= John Loker =

British painter

John Loker (born 1938) is a contemporary British abstract painter based in East Anglia and represented by Flowers Gallery, London and New York. Loker has numerous artworks in public and private collections, and has exhibited in some of the UK's major institutions since the 1970s.

==Biography==
John Loker was born in 1938 in Leeds. Loker studied graphic design at Bradford College of Art and Design between 1954 and 1958, where he befriended David Hockney, David Oxtoby, and Norman Stevens. The group of artists were known as the "Bradford Mafia" in the art world. In 1960 Loker moved to London to study painting at the Royal College of Art and graduated in 1963. The same year, Loker was awarded the Abbey Minor Travelling Scholarship.

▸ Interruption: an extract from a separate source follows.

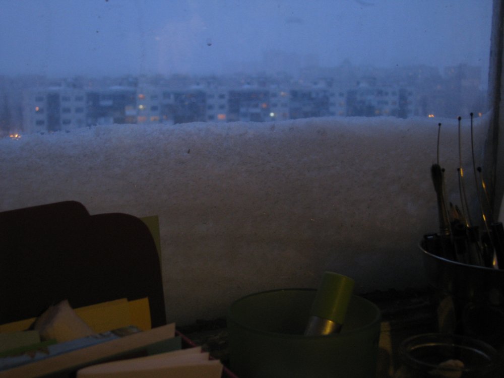 Класс ! Я был бы доволен, если бы мой подоконник так завалило(ну правильно, каникулы же. Из дома можно не выходить до следующего понедельника, так что снег - не помеха). :D
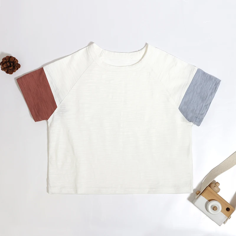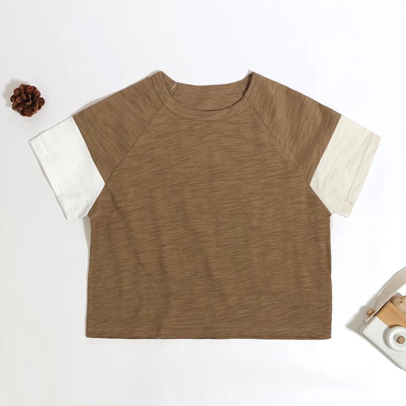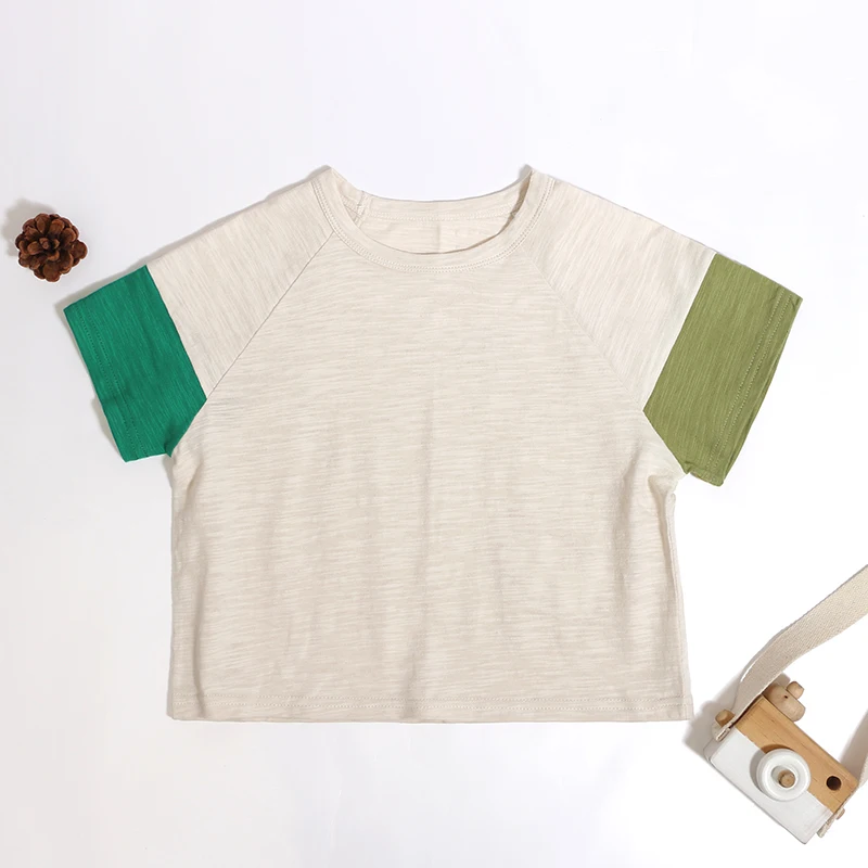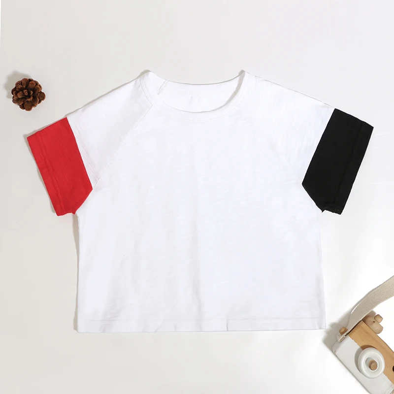 New Fashion Summer Children Clothes Organic Slub Cotton Short Sleeves Color Clashing Design Kids Tops Crew Neck Kids T-Shirt

Loker has exhibited in some of London’s major institutions, the Tate, Royal Academy of Arts, Barbican, as well as Cartwright Hall Gallery, Bradford, Walker Art Gallery (Liverpool), and in various galleries internationally. His works have been acquired by numerous institutions such as the Tate, Leeds Art Gallery and the Manchester Art Gallery.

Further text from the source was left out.